Results when our novel strategy is applied to two sets of simulated metagenomes
In our strategy, two key approaches are devised to improve the qualities of genome assemblies. In the first module, long contigs are selected from three de novo assemblies so that the error rates are largely reduced. This is based on the fact that the DBG-based assemblers adopt different approaches to resolve ambiguities in de Bruijn graphs caused by genomic repeats or other, so there are significant inconsistencies among sets of long mis-assembled contigs by different DBG-based assemblers. Using simulated short read datasets, this assumption is shown to be true for at least three assemblers (Velvet, SOAPdenovo and ABySS), since almost all mis-assembled contigs which are at least 500 bps in length are excluded by this method. Thus, this method can improve the accuracy of genome assembly. In the second and third modules, another approach is proposed to improve the quality of genome assembly in terms of their contiguity. It applies comparative assembly strategy in a broaden way, allowing multiple references without limiting to genomes of closely related strains. Most of the mis-assembled contigs generated through this step are then eliminated by the criteria used for selecting reliable comparative contigs. Tested on simulated and real short read datasets, we demonstrate that comparative contigs can indeed be used to extend or scaffold de novo contigs. Moreover, in this paper, accuracies of genome assemblies of different steps in the process of our novel genome assembly strategy have been graphically shown in Figure 2, Figure 3 and Figure 6. Genomes of either Figure 3 or Figure 6 were subsets of genomes of Figure 2. First, Figure 2a showed that accuracies of DBG contigs were 100% for all simulation datasets while there were wrongly assembled contigs in assemblies of Velvet, ABySS and SOAPdenovo. Second, as shown in Figure 3a and Figure 6, our criteria for selecting A-contigs significantly improved accuracies of A-contigs from average 77% to average 90%. Third, after assembling DBG contigs and reliable A-contigs, accuracies of hybrid assemblies were average 95%. Meanwhile the contiguity quality of genome assembly was significantly improved in comparison with de novo assemblies, as shown in Figure 7.

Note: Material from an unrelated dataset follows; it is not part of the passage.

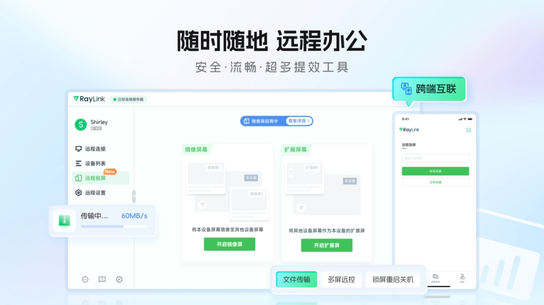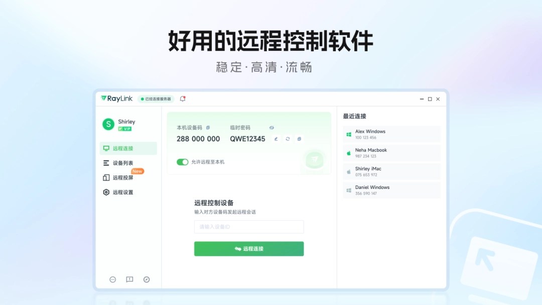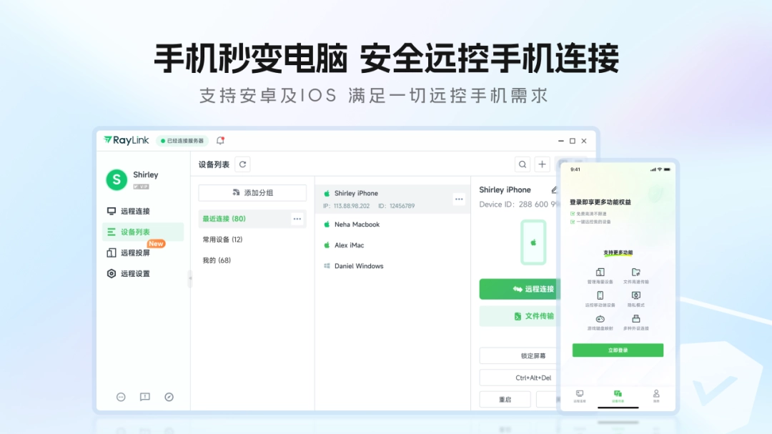 RayLink是一款非常实用的远程控制软件,软件功能强大,操作简单易用,支持Win11、Win10、Win8、Win7(64位)等操作系统,提供了在线协作办公、屏幕共享、远程会议等丰富的功能,轻松满足远程办公、远程协助、远程运维等各类场景的需求,有需要的小伙伴赶紧下载体验试试吧!

In practice, if other DBG-based assemblers are available, the method used to produce DBG contigs in the first module makes it possible to integrate results of more than three de novo assemblies. Moreover, at least two reference genomes should be chosen to produce comparative assemblies, because the criteria for selecting reliable A-contigs are specially designed for multiple reference genomes, and are expected to have a better performance with more comparative assemblies. In the fourth module, only a stringent light-weight assembler Minimo is used to assemble the mixture of DBG contigs and reliable A-contigs. Additional processing steps may be needed such as scaffolding using Bambus  and gap filling of the scaffolds using IMAGE .
For a genome sequencing project, if without genomes of closely related species and the de novo assemblies by DBG-based assemblers are highly fragmented, our strategy should be the first assembly pipeline to be tried. The effectiveness of our strategy depends on certain factors, for example, the complexity of repetitive regions of genome being sequenced and the similarity values between it and the chosen reference genomes. So, for some short read dataset, our strategy may not work, and other strategies are then considered.

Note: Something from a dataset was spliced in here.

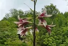 大百合 Makino)是百合科大百合属的多年生草本植物。小鳞茎卵形;叶纸质,网状脉,基生叶卵状心形或宽,茎生叶卵状心形;总状花序,花狭喇叭形,内具淡紫红色条纹,花丝向下渐扩大,子房圆柱形;蒴果近球形,…全部>>

In the future, we will try to integrate our strategy for selecting reliable comparative contigs and other signatures for assembly validation such as mate-pair orientations and separations and depth-of-coverage. We hope that, by eliminating almost all mis-assembled comparative contigs, more reliable A-contigs will be chosen to extend more DBG contigs so that qualities of genome assemblies can be further improved.
A novel strategy for improving genome assembly from very short reads is proposed. The basic idea is that comparative assemblies can be used to improve qualities of genome assemblies by scaffolding or extending de novo contigs. De novo contigs are produced by integrating assemblies got by different DBG-based assemblers. Compared to assemblies by single assembler, error rates are largely reduced on simulated datasets. Comparative assemblies are produced by allowing multiple references, not limiting to closely related genomes. A method is proposed to exclude mis-assembled contigs generated due to this reduced similarities between reference and target genomes.
With more and more microbial genomes available, our strategy will be useful to improve qualities of genome assemblies from very short reads. Some scripts are provided to make our strategy applicable at http://code.google.com/p/cd-hybrid/.
Codes for the pipeline
In order to make our strategy applicable, codes for the pipeline are provided and available from http://code.google.com/p/cd-hybrid/. The generateDBGcontigs.pl script can take de novo assemblies from different tools as inputs and gives out DBG contigs. The chooseReliableAcontigs.pl script can take DBG contigs and a set of comparative assemblies as inputs and produce reliable A-contigs.
The method to choose genomes used for simulated short read datasets
A simple measure is used to estimate the complexity of genomic repeat regions. For a genome, a value is calculated by dividing the sum of lengths of all genomic repeats by the genome length. Some scripts in MUMmer software are used to identify repeats. Scripts and their parameters are "nucmer --maxmatch -nosimplify" and "show-coords -r -T -H".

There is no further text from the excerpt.